ACTIVITY - Your copy must hold all of the data below, unchanged and without images.

---- PROVIDED DATA

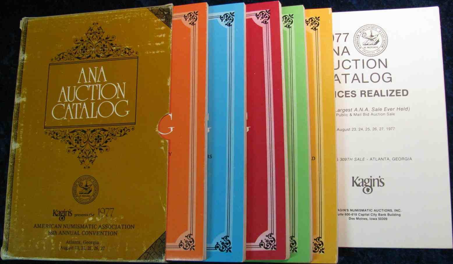201. 1977 ANA Auction Catalog with Prices Realized. Five parts complete in Collector's edition sleeve.
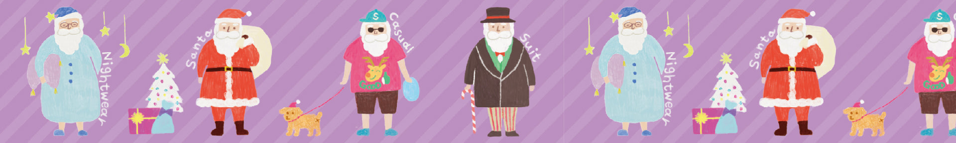 Ever wonder what Santa does when he's off duty? This decorative tape reimagines the jolly icon in fun, unexpected outfits for other occasions beyond the traditional red suit!
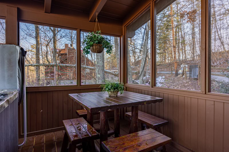 I've stayed in close to a dozen cabins/chalets in Pigeon Forge/Gatlinburg. This cabin had the best deck furniture by far. This was my mother's first trip to Pigeon Forge/ Gatlinburg. She thoroughly enjoyed sitting on the porch swing taking in the breath taking view of the mountains. We enjoyed breakfast at the table on the upper deck. Very enjoyable stay.
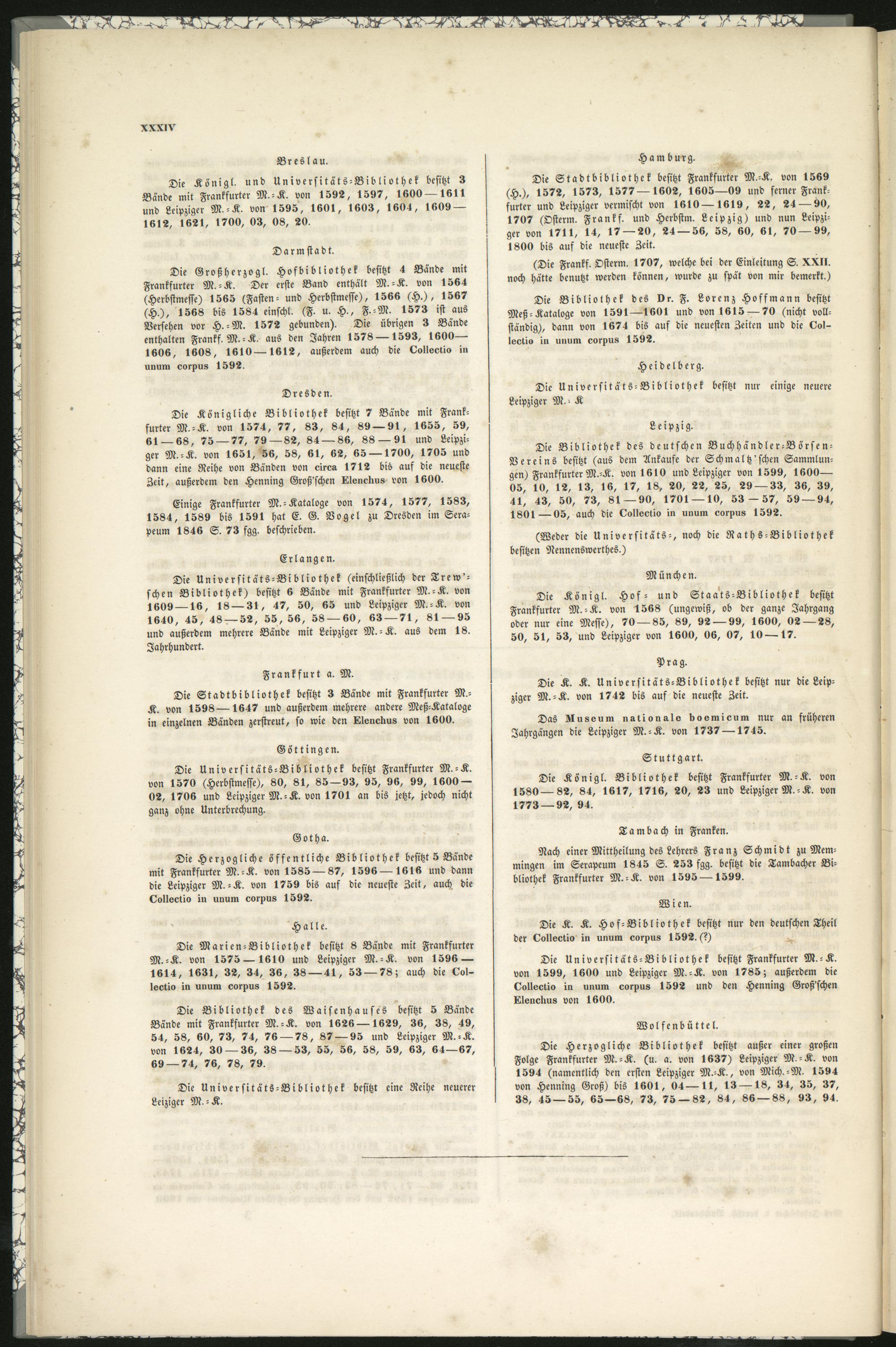 Die Universitats-Bibliothek besitzt Frankfurter M.-K.von 1570 (Herbstmesse), 80, 81, 85—93, 95, 96, 99, 1600 —02, 1706 und Leipziger M.-K. von 1701 an bis jetzt, jedoch nichtganz ohne Unterbrechung.

--------

RESULT BELOW -
201. 1977 ANA Auction Catalog with Prices Realized. Five parts complete in Collector's edition sleeve.
 Ever wonder what Santa does when he's off duty? This decorative tape reimagines the jolly icon in fun, unexpected outfits for other occasions beyond the traditional red suit!
 I've stayed in close to a dozen cabins/chalets in Pigeon Forge/Gatlinburg. This cabin had the best deck furniture by far. This was my mother's first trip to Pigeon Forge/ Gatlinburg. She thoroughly enjoyed sitting on the porch swing taking in the breath taking view of the mountains. We enjoyed breakfast at the table on the upper deck. Very enjoyable stay.
 Die Universitats-Bibliothek besitzt Frankfurter M.-K.von 1570 (Herbstmesse), 80, 81, 85—93, 95, 96, 99, 1600 —02, 1706 und Leipziger M.-K. von 1701 an bis jetzt, jedoch nichtganz ohne Unterbrechung.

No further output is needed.